If a Document is deleted, it will remove itself from the ResourceTimingNotifier.

So, the ResourceTimingNotifier only stores raw pointers, which means no cycles, and we just need to update it at the correct times. If the raw pointers are unappealing, we can assign unique IDs.

Is this better? Or worse?
Comment 25 Adam Barth 2012-11-13 22:54:20 PST
Why can't we just use the normal client callbacks to do this work?  The ResourceTimingNotifier static just seems like a back door from ResourceLoader to Document, bypassing the layering in the loader.

I don't fully understand Brady's plan for moving the loader out of process in WebKit2, so I can't comment on any implications that has for the design of this feature.
Comment 26 James Simonsen 2012-11-14 17:11:49 PST
(In reply to comment #25)
> Why can't we just use the normal client callbacks to do this work?  The ResourceTimingNotifier static just seems like a back door from ResourceLoader to Document, bypassing the layering in the loader.

That seems like a reasonable start. There are a few details to work out:

How does Resource Timing register for those callbacks? There's one Resource Timing buffer per DOMWindow. Really it should only get callbacks for requests in its document.

Perhaps DocumentLoader could be that central registration point? It already keeps track of all the SubresourceLoaders. It could also track the ThreadableLoaders and (child) FrameLoaders.

Otherwise, maybe some sort of singleton where documents can register additional clients to append to all loads?

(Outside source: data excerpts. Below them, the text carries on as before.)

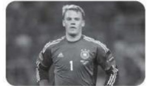
4 _____ from Germany.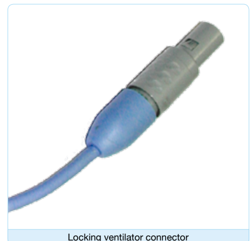
Locking ventilator connector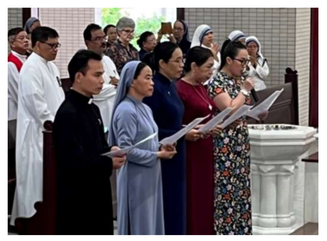
Members of the Eymard Family offer the Universal Prayers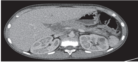
FIGURE 1: Abdominal CT showing a stage E pancreatitis.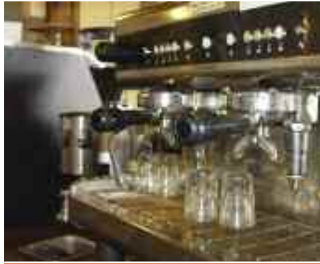
41) Coffee with a Conscience. Coffee, tea, sandwiches, baked goods, smoothies and more. Free wi-fi and covered garage parking. Hours: M-F 6a-10p S&S 7a-7p. www.fair-trade-cafe.com

PALATTE, 606 N. 4TH AVE, PHOENIX, AZ, 602.462.9400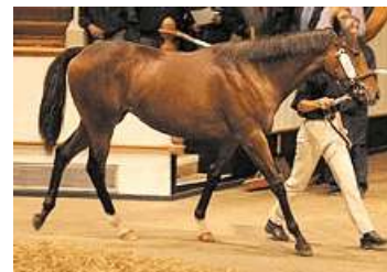
Necklace, selling for 600,000gns as a yearling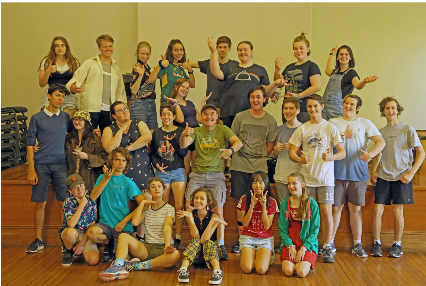
OnSTAGE excursion participants 2020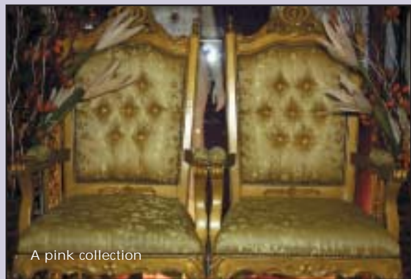
A pink collection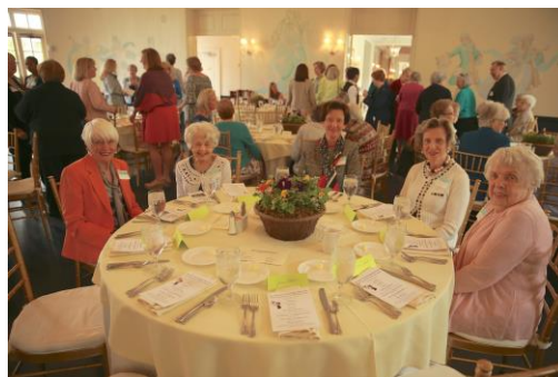
Guild Members gathering for the Luncheon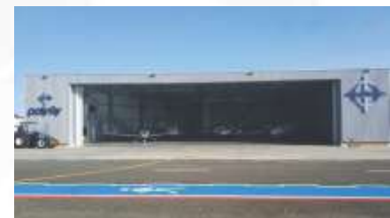
Navegantes, SC – Brazil Hangar PolyFly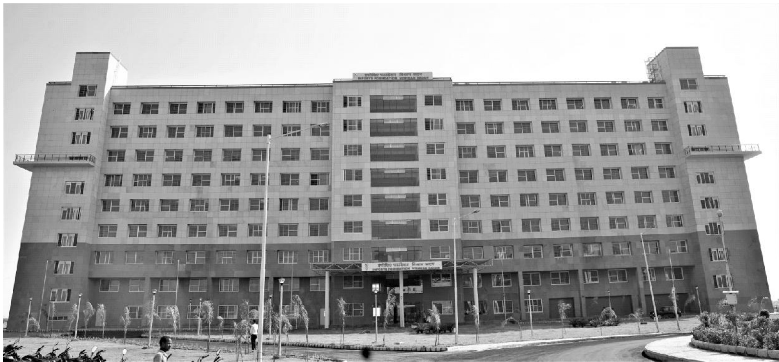
806 Bedded Vishram Sadan for Infosys Foundation At National Cancer Institute (NCI) Campus of the AIIMS, Jhajjar, Haryana

► CREATIVE ► COMMITTED ► CUSTOMER FOCUSED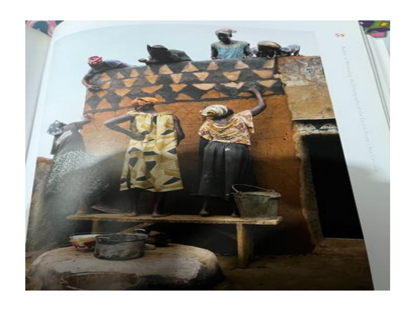
B. The design and smooth finishing of the outer wall of a local house, Cassiman (2011)

boiled from the bark of locust bean pads, dawadawa . During fieldwork, I visited a home under construction and one of the women explained to me: "Cow dung, water and earth are a sign of fertility, spiritual protection, purity, and energy because we believe that cows are a source of energy for nourishment and the earth a source of fertility for both humans and animals. Water denotes life and purity. So, when we mix cow dung, water and earth together, we bring the divine and mundane together in a 'harmonious' relationship."

Then, we want Resource Timing to register as a client for FrameLoader, ThreadableLoader, and SubresourceLoader loads. I think the first two will need to be modified to accept multiple clients. That should be easy. Then we just need to inject the additional clients any time a load happens.

Here's another alternative building off of the DocumentLoader idea and addressing the layering issue...

Implement Resource Timing in DocumentLoader. DocumentLoader tracks the loads and populates the Resource Timing buffer. Then just have the Resource Timing API pull data from DocumentLoader as needed.